To celebrate the occasion, the bank released a so-called “golden book,” a gilded Make Hungary Great Again-style history of the country’s relationship with the precious metal. It features “centuries of gold coins” and, less happily, the gold stolen by Nazis during the Second World War, among other topics.

This is the latest in a series of gold acquisitions by Eastern European and Central Asian countries. Earlier this year, Poland became the first EU member to buy gold this century (paywall), accumulating nine tons over July and August. In the first six months of this year, Russia, Turkey, and Kazakhstan accounted for 86% of central bank purchases.

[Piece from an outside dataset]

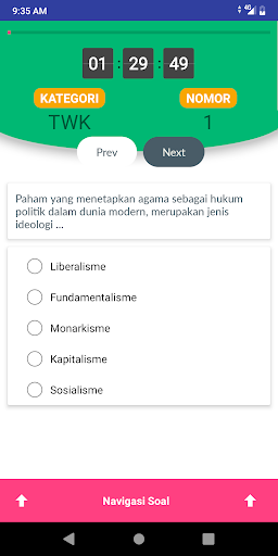 Halaman Soal yang dilengkapi dengan : Timer dan Navigasi Soal.

Russia has been adding about 20 tons to its reserve each month, on average, this year. All told, central banks are buying gold for their reserves at the fastest pace in six years, according to analysts at Macquarie.

Understanding why, however, requires looking more closely at the geopolitics of the region. It’s not just that now is a particularly good time to buy (gold prices have been relatively low, due in part to a strong US dollar). More importantly, according to Alasdair Macleod, GoldMoney’s head of research, “gold is no one else’s liability.”

As tensions increase between Russia and the US, Moscow has made no bones about the fact that it’s been liquidating its US Treasury holdings and buying gold instead. Even while relations between Russia and Hungary aren’t always warm, ”the fact is that Russia is a very important trading partner for Hungary and will continue to be so,” Macleod says. “Gold is likely to be used in the future [by Russia] as a means of trade settlement.” If Russia loses access to the dollar or international payment systems, it may resort to gold.

Hungary’s newest acquisition.
Hungary’s newest acquisition.
Image: Hungarian central bank

For Hungarian prime minister Viktor Orbán and Russian president Vladimir Putin’s autocratic-leaning governments, great big heaps of gold probably don’t hurt as an image, either. (Indeed, the Hungarian central bank included a photograph of its brand new bullion along with the press release announcing its recent purchase.) Management consultant and author Peter York has written extensively about autocratic design choices. Despots and dictators love gold, he notes:

If I’ve only got one life, most dictators seem to think, “let me live it surrounded by gold.” When you have all of your country’s resources at your disposal, why not? Gold furniture, gold wall decorations, columns with gold capitals, gold taps. Bright gold, fake gold, shiny alloys for functional metalwork.

Autocrats may be fond of gold, but it’s not a purely aesthetic choice. There’s something almost dragon-like about these acquisitions—powerful entities secreting away piles of gleaming treasure, as their interest in international cooperation wanes.